++++ Supplied material ++++

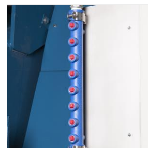
Safe chemical injection
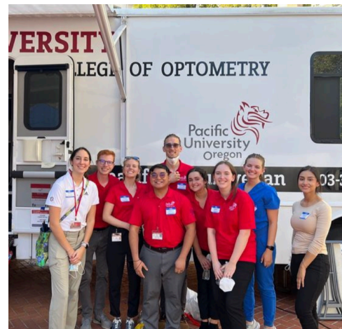
OHSU Health Equity Fair
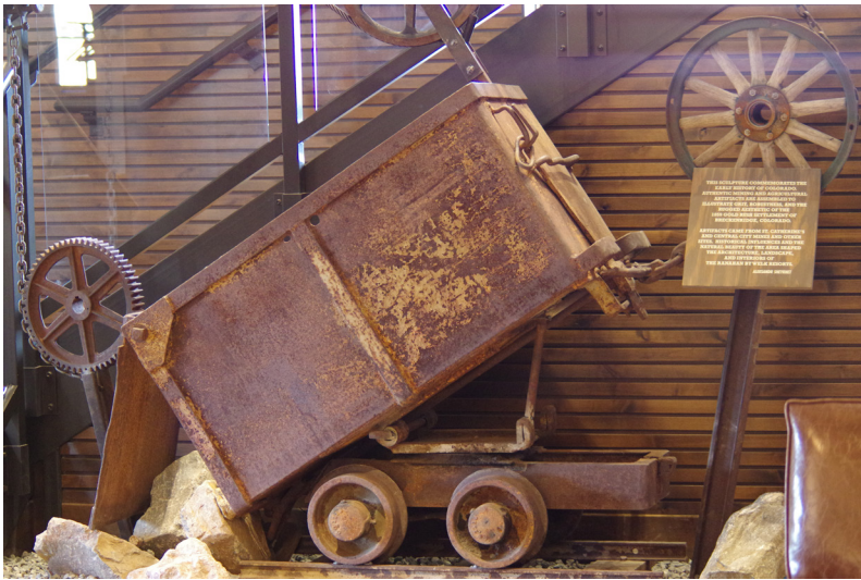
Historical Mining Inspired Display in Lobby

++++

Return an exact copy of the data above, apart from any pictures.

Safe chemical injection
OHSU Health Equity Fair
Historical Mining Inspired Display in Lobby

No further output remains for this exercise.